Friday, March 7, 2008

Things I Hope Are Only True When I'm Pregnant

Come on pregnant friends. Add yours to the list. Single guys or married guys without kids, no need to read this. It'll just weird you out.


Things I Hope Are Only True When I'm Pregnant (In other words, if these things come true outside of pregnancy, I need serious help!):

1. Dropping something on the ground while sitting, then having to spread your legs for your stomach to fit through them so that you can bend over. Or you can do the "move both legs to one side and lean" version which is more appropriate in public.

2. Peeing (just a little) on yourself every time you cough, sneeze, or laugh.

3. Leaving one bag of groceries at the grocery store every time you shop. Then returning for your lost bag (after you've already driven home) and being greeted at the door with, "hi, Sandi, we have it over here for you again."

4. Crying when my husband bills 50 hours a week. Crying when my husband bills 20 hours a week. Crying when my husband wants to talk about the bill from Target. Crying when Bill, the cable man, sits on the couch and plays with the TV after taking 3 hours to set it up.

5. Being hit in the stomach by my son because he can no longer sit on my lap for me to read him a book or to rock him. Seriously, he screamed, "Baby! No!" as he hit my stomach with both hands. Thank God there really is a baby in there!

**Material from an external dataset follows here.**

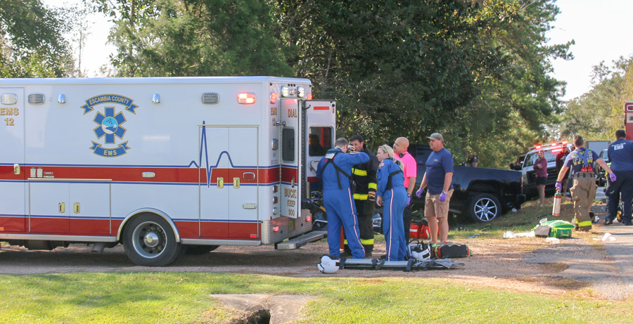 A 16-year old male passenger in the pickup truck was transported by Escambia County EMS to the hospital with minor injuries. The pickup driver was not injured.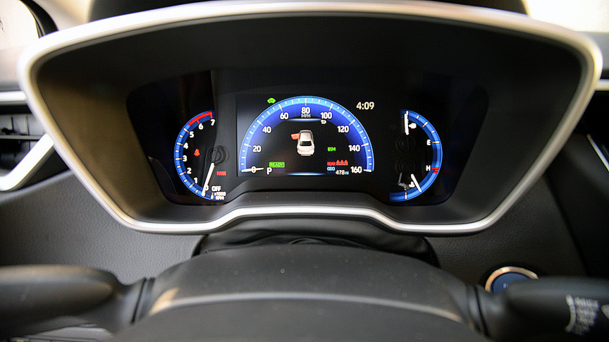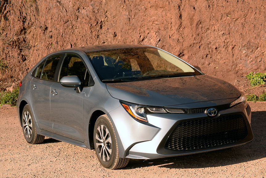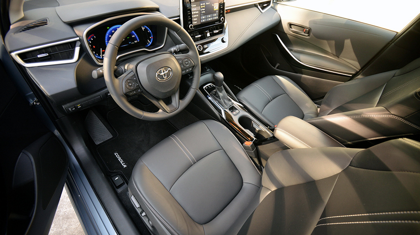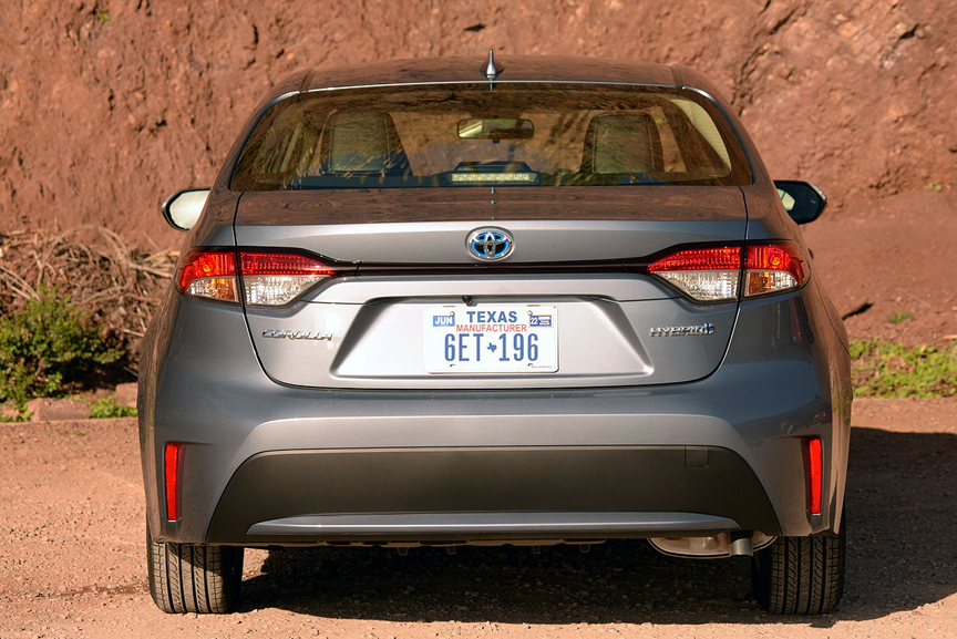 The most compelling aspect of Corolla design is the layout of the interior. The 8 inch color touchscreen operates without requiring an advanced degree from you in computer science. Both Android Auto and Apple CarPlay are supported by the system. The standard 6 speaker sound system does a great job of maximizing enjoyment of the free 3 month subscription to SiriusXM radio. In fact, at one point, we parked the Corolla in a shady spot overlooking San Francisco Bay and spent a relaxing hour in the Corolla cabin listening to some special shows on XM's "Fifties on Five" station. When the car isn't moving, you start to notice and appreciate some of the design subtleties that go into making a cockpit classy. Take the sun visors, for example. In an economy compact class vehicle, you wouldn't necessarily expect to find visors that not only pivot, but also offer lengthy pull-out tabs to extend coverage. Both front visors also include illuminated mirrors on their backsides. Although the hybrid is only available in the utilitarian LE trim level, you won't find yourself wanting for much here if you upgrade to the Premium Interior Package. LED headlights are standard, as are keyless entry and start, an in-car Wi-Fi hotspot, automatic climate control, and voice recognition. This hybrid proves that life in the slow lane need not be uncomfortable.

Okay, ladies, add yours to the list. For some reason this makes me laugh and enjoy pregnancy more. It also makes me fall more in love with Eric because none of it seems to bother him.

9 comments:

Lacey said...

Oh, those are all such good ones, which one to add...watching as your shoes go from being tied in the middle to being tied on the side of your feet because that's the best you can do.

Anonymous said...

Oh, the joys! I'll add a couple.

1. Getting heartburn from oatmeal.
2. Going to the doctor more than once a year.
3. Rolling over in the middle of the night and having to hold my stomach with both hands and move it in order for it to come with me.
4. The constant game of pulling my pants up and my shirt down.
5. Outside of being pregnant, I hope I never gain 4 lbs in one week.

Anonymous said...

getting in the car and having no clue where you were going

my husband telling me yesterday... "i saw one of our wedding pics today, its so weird, i cant even remember the way you used to look"
ouch, he meant it kindly... but still.

Matt & Kadie Laughlin said...

Sandi!
How are you? SO fun to find your blog and see your precious family!
Sounds like you guys are busy, moving at 8 months pregnant? i will be praying for you! :) I am looking forward to being able to keep up with you!!

kadie

Amber B. said...

You are hilarious! Mine are:
1. The peeing thing. Too gross.
2. Only wearing flip flops or mules b/c there is no way I'm leaning over to tie laces.
3. Being kicked in the ribs for the last month.
4. Asking the same questions over and over, b/c my memory is gone.

Bethany said...

I'm so glad you're a blogger!! I can't believe that it's been so long since we have caught up.. I miss you! Tell Eric that I said hey. Precious family:)

ablossom said...

hahahahahaha....hahahaha.

Tripp said...

Heather and I have been laughing out loud (I guess that's "LOL" in IM'ing language) at your blog...I'm glad she found it. Especially all the times you refer to your neighborhood as "The Ghetto." We were also talking about y'all and how great you guys are. Hope you enjoy your new place in Mayberry.

Even though I'm a guy, I can speak for Heather here: she was peeing in her pants all the time while pregnant.

Have you taught Parker to play Yahtzee yet?

Anonymous said...

I've got a few:
* Bending over to shave my legs in the shower, then suddenly feeling the baby kick so hard that I know she thinks I'm squishing her.
* Being told by my husband that when I run, I look like I am chasing my belly.
* Oh, and never realizing how angry I could get when someone cuts me off in traffic.